A few weeks ago I had a big fight with my wife over prop 8 and about gay rights (see past post). Not getting too far into it, I felt that even homosexuals should be able to have certain things that my wife did not think they should have.
I felt totally rejected, especially when she questioned my spirituality as a result of it, and the ability that I was giving up in being a spiritual patriarch to my family. My heart was broken, because I had just entered into the blogging family and for the first time in my life, I had been accepted with my darkest secret.
I knew that I had grown some, and that my wife had not. I know that it would be unfair for her for me to expect anything more than the support she was already providing me, knowing about my SSA.
That realization did not erase from me the feelings of rejection and a desire from being accepted from my wife, just as a true understanding of the plan of salvation does not erase homosexual desires from our hearts.

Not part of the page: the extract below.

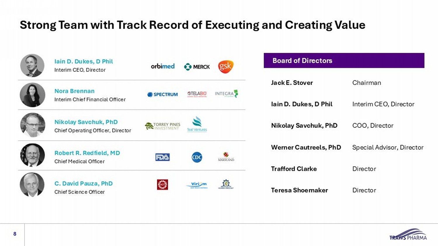 Bird Flu: In short term, strategic stockpile approx. 300,000,000 - 600,000,000 doses . Seasonal Flu: Potential best in class agent to replace existing therapies addressing emerging resistant strains COVID: Potential b est - in - class agent to replace existing therapies, and prevent clinical rebound, as well as Long COVID. Cash , cash equivalents and short - term investments as of March 31, 2025, $15.9m 1 Cash position to support planned operations into Q1 2026 Selected Financial Information Anticipated Upcoming Milestones Milestone Program Update on FDA discussions regarding the Animal Rule in Q2 2025 Bird flu Finalize development plan in bird flu and move forward on path to approval Bird flu Finalize development plan in seasonal flu and move forward with regulators Seasonal flu Submit a briefing document to regulatory authorities in June 2025 for acute treatment/rebound prevention and Long COVID COVID Finance Dashboard Source: 1. TRAW data on file, Existing therapies include PAXLOVID is a registered trademark of Pfizer, Inc., and LAGREVRIO is tr ademark of Merck Sharpe & Dohme Corp. Financial information as of TRAW 10Q filed May 15, 2025 Market Potential 1 7
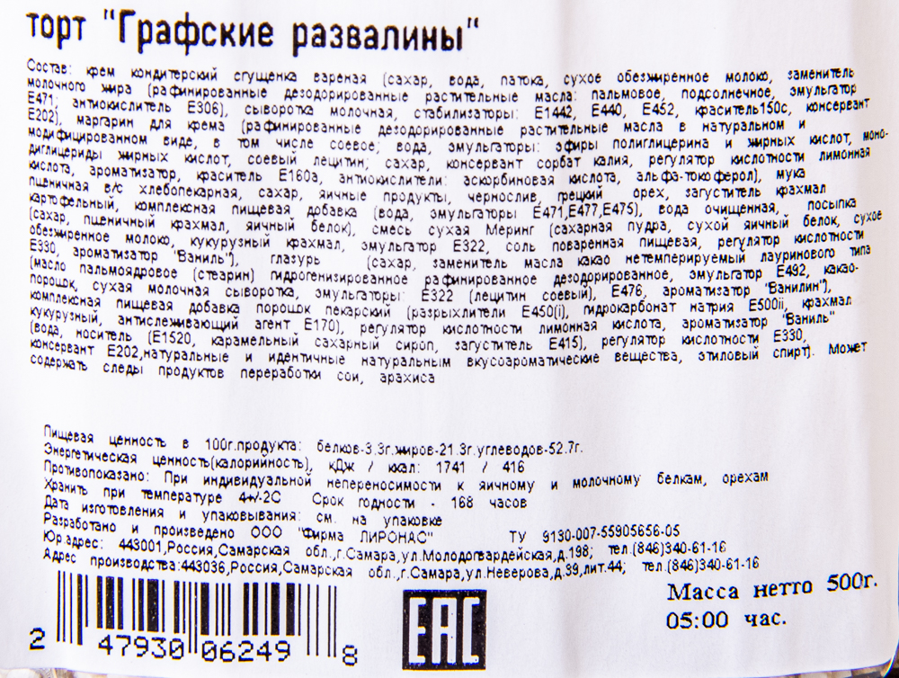 ТОРТ ГРАФСКИЕ РАЗВАЛИНЫ ЛИРОНАС 500 ГР

It was at that time that I entered a deep depression that lasted only for a day or so. I couldn't talk or be with my wife. My schoolwork suffered and though I never have seriously considered suicide at any time of my life, the suicidal thoughts came to me as they sometimes do. I was literally a mess and it scared the crap out of my wife while I repeatedly ignored call after immediate call from her, only sending texts in reply that I couldn't talk to her in the state that I was in.
She eventually gave up around midnight, after a couple of hours of trying to communicate with me. I crashed into sleep, emotionally exhausted from the depression that I had felt.

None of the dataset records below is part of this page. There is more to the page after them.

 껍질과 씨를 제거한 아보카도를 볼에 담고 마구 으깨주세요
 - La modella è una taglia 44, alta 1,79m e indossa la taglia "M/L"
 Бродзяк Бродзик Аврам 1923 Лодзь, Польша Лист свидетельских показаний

The next morning I awoke with the morning-after depression, just like the sadness you wake up with after having a big fight the night before with your spouse. I knew that no resolution was made, but I contacted my wife to let her know that I was awake and going to classes. (I go to school an hour away from home, often staying at school in a rented room in someone’s house)
She immediately started sobbing, because all night she had worried if I was going to kill myself because of how depressed I was and how I wouldn’t talk to her. She has these fears based on a loved one in her family that has been suicidal in the past, nearly going through with it a few times, the last of which we together rescued this person in the act.
Since then, we have been better, though we haven’t really revisited the conversation; I think we are too afraid to go down that road, as it was clear that we couldn’t amicably agree to disagree.
For the record, my wife did seek counsel from a friend that we call our ‘therapist,’ a grandmotherly Brain Gym practitioner who has helped us overcome emotional issues for as long as we have been together. This really should become a future post, but I can confidently say that through this I have become a remarkably different person, a complete 180 in some respects, and that I know without a doubt that without Brain Gym I would not be where I am today.
Back to the story. At this time I discovered Sarah’s blog and started reading it. For the first time I had hope for a better relationship with my wife, and it was because I knew that Scott and Sarah had theirs. I didn’t believe that I could have a more open relationship with my wife, but after reading Sarah’s blog, I knew that it is possible.
I knew that my wife loved me, with all of her heart, and that she would do anything that she is capable of to love and support me. I don’t know how long it will take, but I knew then that it was possible.
It is because of Scott and Sarah that I want to introduce my loving, caring, beautiful wife to my blog. I fear her fears, and I am doing what I can to prepare her for a smooth introduction. I am being patient, I don’t think that I could just drop it on her out of the blue, but it is the center of my prayers right now.
So perhaps I do idolize Scott and Sarah, probably more than they think that I should, but at the risk of sounding dramatic (which I loathe, even though I still am at times), I do feel that they were able to do something that nobody in existence could have done for me a the time.
Ugh! That did sound really dramatic. Excuse me while I am shamefully embarrassed by the truth of how I feel.
In the end, I think that my situation will be different from theirs, in that I think that there is no way that I would ever come out openly to the ward and others, but I do with to be more open with myself, my wife and a few other loved ones now that I more fully love myself.